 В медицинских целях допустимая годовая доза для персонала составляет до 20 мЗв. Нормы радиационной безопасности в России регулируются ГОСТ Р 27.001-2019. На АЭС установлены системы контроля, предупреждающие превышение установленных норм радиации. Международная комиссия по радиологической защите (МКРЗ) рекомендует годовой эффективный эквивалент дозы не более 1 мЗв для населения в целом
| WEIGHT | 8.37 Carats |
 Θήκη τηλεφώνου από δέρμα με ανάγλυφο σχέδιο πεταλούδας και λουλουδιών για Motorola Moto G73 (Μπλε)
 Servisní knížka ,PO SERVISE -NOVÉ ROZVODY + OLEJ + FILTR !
━━━
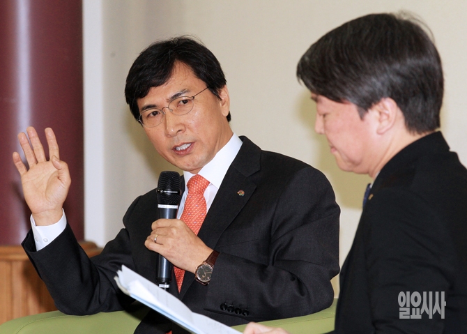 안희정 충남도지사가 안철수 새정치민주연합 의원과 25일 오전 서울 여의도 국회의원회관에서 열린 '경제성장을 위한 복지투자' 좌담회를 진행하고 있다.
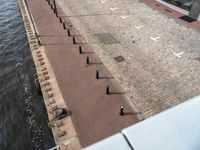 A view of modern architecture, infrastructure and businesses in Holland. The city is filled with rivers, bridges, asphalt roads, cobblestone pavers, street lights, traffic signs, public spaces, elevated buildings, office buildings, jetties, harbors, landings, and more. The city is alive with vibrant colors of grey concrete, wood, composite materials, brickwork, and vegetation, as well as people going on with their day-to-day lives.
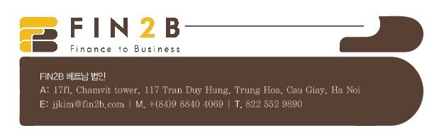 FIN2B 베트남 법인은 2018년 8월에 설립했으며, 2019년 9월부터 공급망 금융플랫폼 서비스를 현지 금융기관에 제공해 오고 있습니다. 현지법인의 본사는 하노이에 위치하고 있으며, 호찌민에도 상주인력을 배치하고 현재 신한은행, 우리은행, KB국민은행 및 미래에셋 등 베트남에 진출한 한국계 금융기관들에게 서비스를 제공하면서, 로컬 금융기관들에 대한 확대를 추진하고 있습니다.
━━━
:: What is expected ::
In the data above, find the line that contains "В медицинских целях" and the line that contains "Servisní knížka ,PO". Repeat exactly those lines and every line between them, and only those.

:: Written answer ::
 В медицинских целях допустимая годовая доза для персонала составляет до 20 мЗв. Нормы радиационной безопасности в России регулируются ГОСТ Р 27.001-2019. На АЭС установлены системы контроля, предупреждающие превышение установленных норм радиации. Международная комиссия по радиологической защите (МКРЗ) рекомендует годовой эффективный эквивалент дозы не более 1 мЗв для населения в целом
| WEIGHT | 8.37 Carats |
 Θήκη τηλεφώνου από δέρμα με ανάγλυφο σχέδιο πεταλούδας και λουλουδιών για Motorola Moto G73 (Μπλε)
 Servisní knížka ,PO SERVISE -NOVÉ ROZVODY + OLEJ + FILTR !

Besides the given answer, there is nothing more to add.